I'm writing an FTP client using Twisted that downloads a lot of files and I'm trying to do it pretty intelligently. However, I've been having the problem that I'll download several files very quickly (sometimes ~20 per batch, sometimes ~250) and then the downloading will hang, only to eventually have connections time out and then the download and hang start all over again. I'm using a DeferredSemaphore to only download 3 files at a time, but I now suspect that this is probably not the right way to avoid throttling the server.
Here is the code in question:
def downloadFiles(self, result, directory):
# make download directory if it doesn't already exist
if not os.path.exists(directory['filename']):
os.makedirs(directory['filename'])
log.msg("Downloading files in %r..." % directory['filename'])
files = filterFiles(None, self.fileListProtocol)
# from http://stackoverflow.com/questions/2861858/queue-remote-calls-to-a-python-twisted-perspective-broker/2862440#2862440
# use a DeferredSemaphore to limit the number of files downloaded simultaneously from the directory to 3
sem = DeferredSemaphore(3)
jobs = [sem.run(self.downloadFile, f, directory) for f in files]
d = gatherResults(jobs)
return d
def downloadFile(self, f, directory):
filename = os.path.join(directory['filename'], f['filename']).encode('ascii')

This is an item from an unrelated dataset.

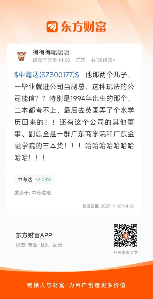 $中海达(SZ300177)$ 他那两个儿子,一毕业就进公司当副总,这种玩法的公司能信??特别是1994年出生的那个,二本都考不上,最后去英国弄了个水学历回来的!!还有这个公司的其他董事、副总全是一群广东商学院和广东金融学院的三本货!!!哈哈哈哈哈哈哈哈哈!!!
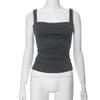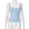 GMXIA Women's Spring Halter Slim Solid Color Patchwork Pleated Halter Vest T-shirt Top

log.msg('Downloading %r...' % filename)
d = self.ftpClient.retrieveFile(filename, FTPFile(filename))
return d
You'll noticed that I'm reusing an FTP connection (active, by the way) and using my own FTPFile instance to make sure the local file object gets closed when the file download connection is 'lost' (ie completed). Looking at FTPClient I wonder if I should be using queueCommand directly. To be honest, I got lost following the retrieveFile command to _openDataConnection and beyond, so maybe it's already being used.
Any suggestions? Thanks!